(22-12-2011 12:08)SP9VNM napisał(a): Ad.1. Tych pokazywanych na YT urządzeń też nie montują młodzi chłopcy którym tego właśnie się zachciało, więc poszli do sklepu za rogiem, kupili części i odpalili.....
Gdybyś widział "kolekcje" niektórych naszych kolegów krótkofalowców to zapewne nie zadałbyś takiego pytania.
Pytanie zadałem, ponieważ w niektórych filmach albo artykułach jakie znalazłem w Internecie pojawia się informacja, iż elementy zostały zakupione. Jeśli nie w Internecie to na jakichś krótkofalarskich "jarmarkach".
A ja po prostu widzę jak trudno jest u nas coś kupić. Chcąc kiedyś zrobić klimatycznie wyglądającą przejściówkę z czterokołkowej podstawki charakterystycznej dla lat przedwojennych na 2ż27ł musiałem się długo naszukać odpowiedniego cokołu. Podstawki dla takiej lampy szukałem też jakiś czas, a i tak nie udało mi się znaleźć niczego, co wyglądem przypominałoby odpowiednik sprzed wojny... Może faktycznie na rynku w Stanach mają tego więcej?

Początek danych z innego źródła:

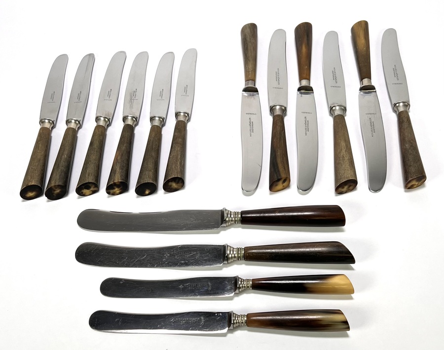 Bestek van Richard Abraham Herder, vervaardigd uit gesmeed staal met heften van gepolijst hoorn. De set omvat zes grote en zes kleine messen, aangevuld met vier botermessen in twee formaten. Elk exemplaar toont de karakteristieke natuurlijke kleurnuances van het hoorn. De lemmeten zijn voorzien van de fabrieksstempel uit Solingen. Het bestek dateert uit het begin van de 20e eeuw en heeft een Duitse herkomst.
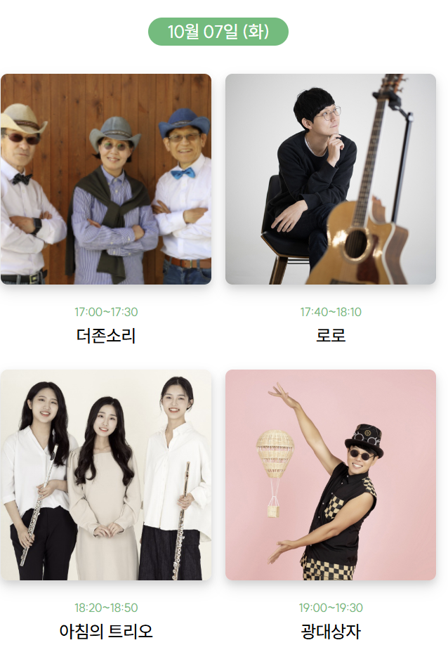 10.6(월)~10.8(수) 17:30 기타·아코디언 등 노을 무드 공연 (현장 사정에 따라 변동 가능)
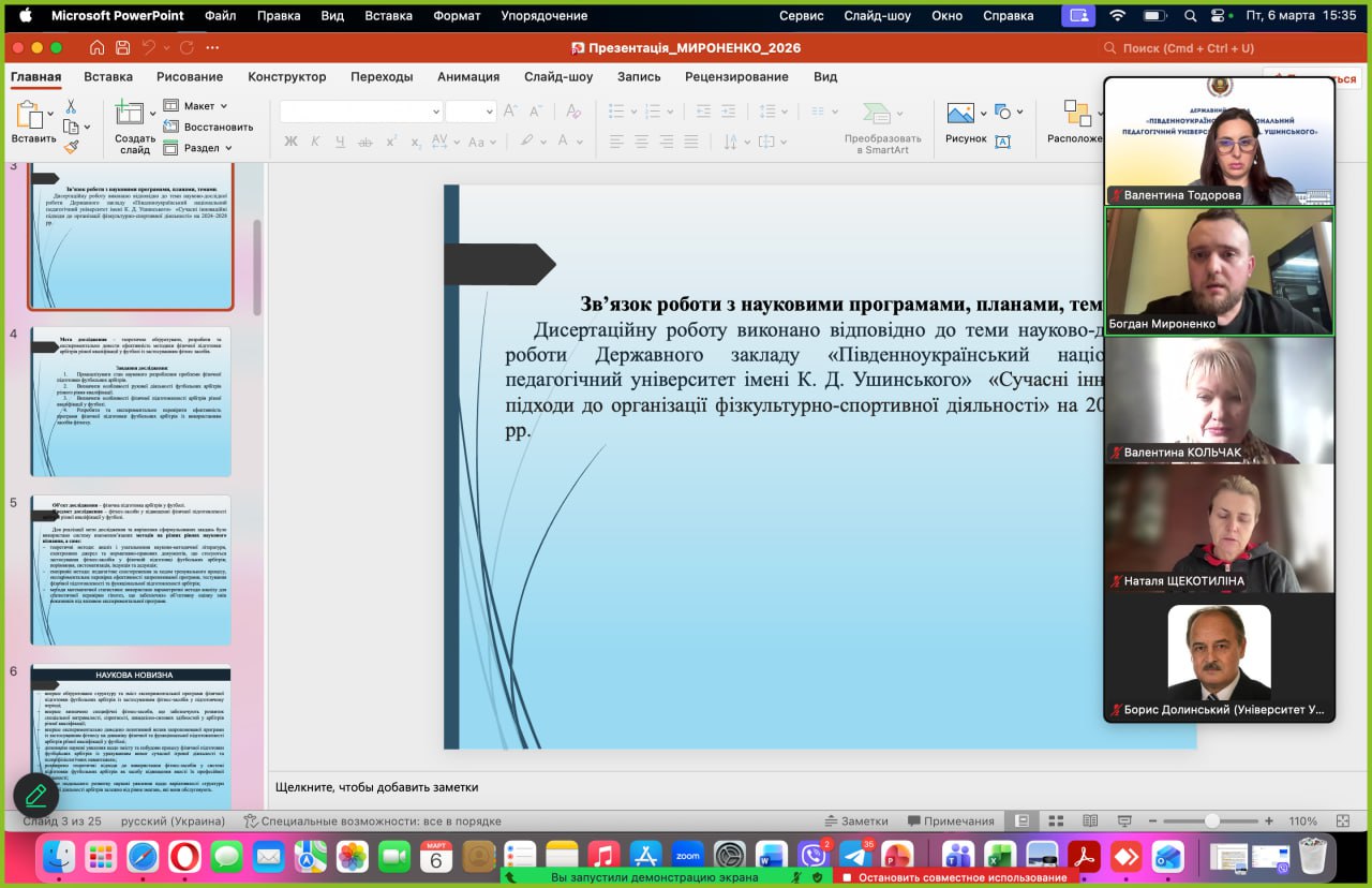 6 березня 2026 року на кафедрі гімнастики та фізкультурно-спортивних технологій відбувся важливий етап підготовки молодого науковця — передзахист дисертації Мироненко Богдана на тему «Фізична підготовка футбольних арбітрів із застосуванням засобів фітнесу», науковий керівник завідувач кафедри гімнастики та фізкультурно-спортивних технологій, професор, д-р пед. наук Долинський Борис.

Cytat:Jeżeli natomiast sam szukasz klamotów z epoki to zapraszam do Krakowa na giełdę elektroniczną. Jest tam nawet alejka z tego typu starociami a przedwojenne lampy zapewne znajdziesz jakie chcesz. Problemem jest to, że niektóre z tych precjozów potrafią zakosztować tyle co zabytki z egipskich piramid
Oj, na Krakowskiej giełdzie to ja bywam bardzo często, niekiedy nawet co tydzień. Z powyższą opinią zgodzić się nie mogę w żadnej mierze. Ta giełda z roku na rok ma w sobie coraz mniej z szeroko rozumianej "elektroniki", nastawiając się raczej na sprzęt RTV/komputerowy i komórki. Zostali jeszcze tylko sprzedawcy w tym budynku przylegającym do hali. W "boksach" można się zaopatrzyć w elementy, jeden sprzedawca zajmuje się głównie starymi półprzewodnikami. Koło okna natomiast ma swoje stoisko człowiek, który istotnie zajmuje się starą radiotechniką. Można u niego dostać odbiorniki, lampy, części pasywne. Jednak nie aż tak stare... W przeważającej większości są to elementy z czasów "Pioniera", ze starszych lamp można dostać coś w rodzaju EF6 albo AK1.
Nieco dalej można kupić części do starych telewizorów i to generalnie tyle.
Aż tak zabytkowych elementów tak te, z których poskładano te nadajniki nigdy nie widziałem na krakowskiej giełdzie.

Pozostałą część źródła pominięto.